64 Draconis

Observation data Epoch J2000 Equinox ICRS
- Constellation: Draco
- Right ascension: 20^{h} 01^{m} 28.65587^{s}
- Declination: +64° 49′ 15.5038″
- Apparent magnitude (V): 5.27

Characteristics
- Evolutionary stage: AGB
- Spectral type: M1 III
- B−V color index: 1.598±0.006

Astrometry
- Radial velocity (R_{v}): −36.12±0.13 km/s
- Proper motion (μ): RA: −24.818 mas/yr Dec.: +33.623 mas/yr
- Parallax (π): 7.2102±0.1296 mas
- Distance: 452 ± 8 ly (139 ± 2 pc)
- Absolute magnitude (M_{V}): −1.05

Details
- Mass: 1.36 M_{☉}
- Radius: 68 R_{☉}
- Luminosity: 967 L_{☉}
- Surface gravity (log g): 1.16 cgs
- Temperature: 4,134 K
- Metallicity [Fe/H]: −0.89 dex
- Age: 5.4 Gyr
- Other designations: e Draconis, 64 Dra, BD+64°1405, FK5 3604, HD 190544, HIP 98583, HR 7676, SAO 18658

Database references
- SIMBAD: data

= 64 Draconis =

Star in the constellation Draco

64 Draconis is a single star in the northern circumpolar constellation of Draco, located 452 light years away. It has the Bayer designation of e Draconis; 64 Draconis is the Flamsteed designation. The object is visible to the naked eye as a dim, red-hued star with an apparent visual magnitude of 5.27. It is moving closer to the Earth with a heliocentric radial velocity of −36 km/s, and it is predicted to come as close as 62.48 pc in around 4.3 million years.
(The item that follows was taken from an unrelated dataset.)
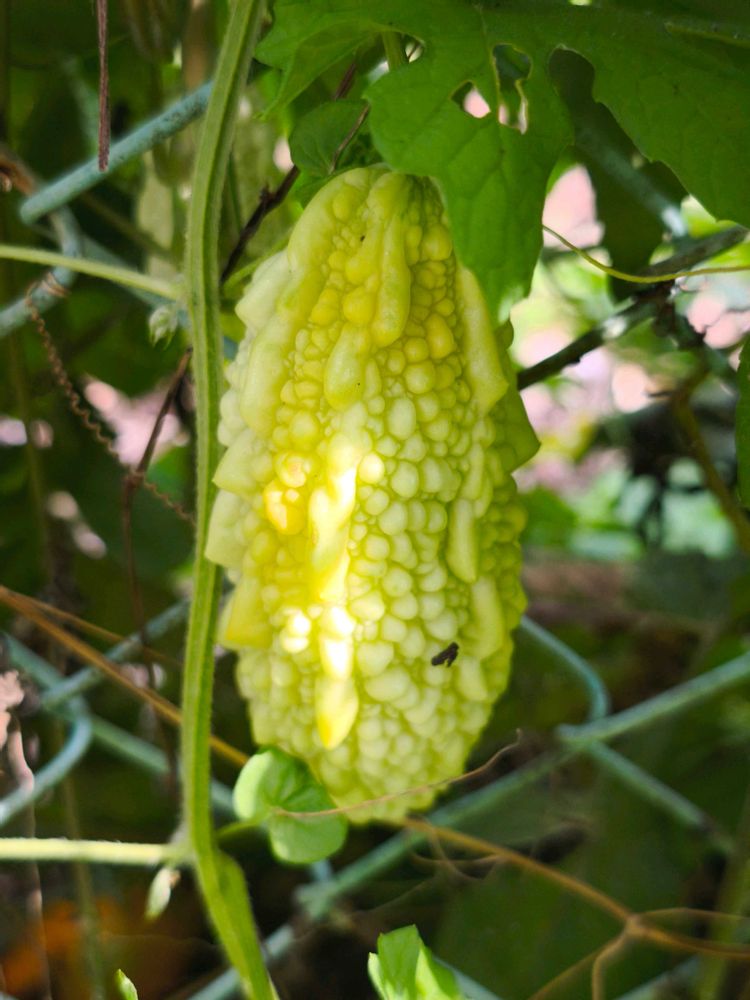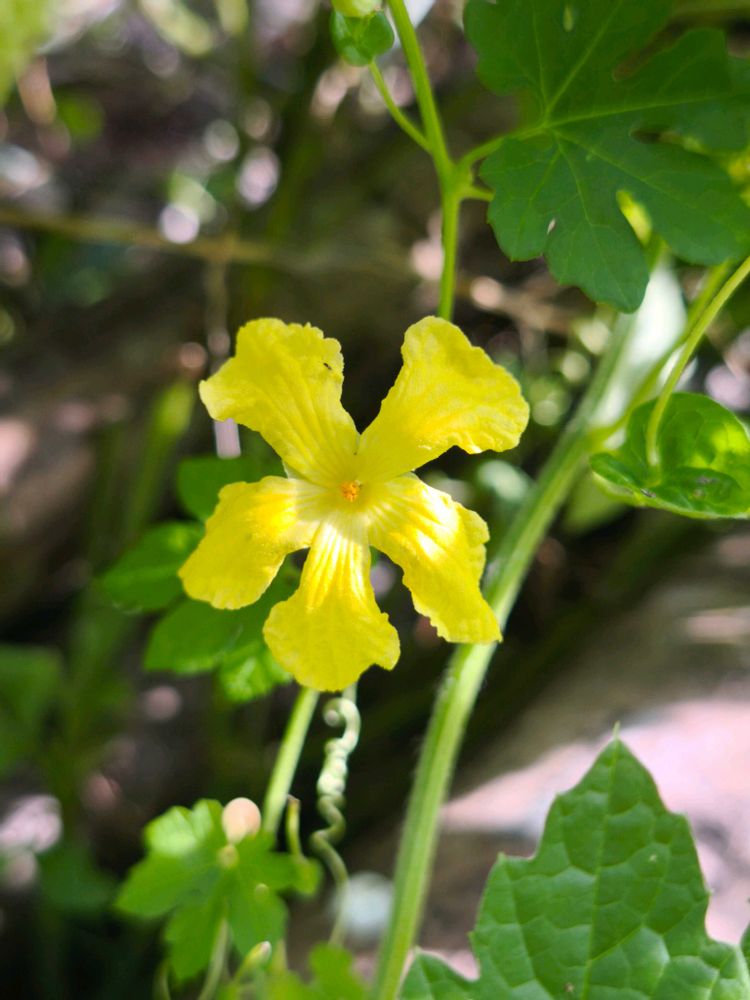 里山の畑の柵に生えたゴーヤが花が咲き実になっていました。

This is an evolved red giant star with a stellar classification of M1 III, currently on the asymptotic giant branch. It has expanded to about 68 times the Sun's radius and is radiating 967 times the Sun's luminosity from its photosphere at an effective temperature of ±4134 K. 64 Draconis forms a faint naked-eye pair with 65 Draconis 12 arcminute away. The latter is a suspected variable with a brightness range in the Hipparcos photometric filter of 5.29 to 5.33.

In Chinese astronomy, it belongs to the 天廚 (Tiān Chú) (Celestial Kitchen) asterism.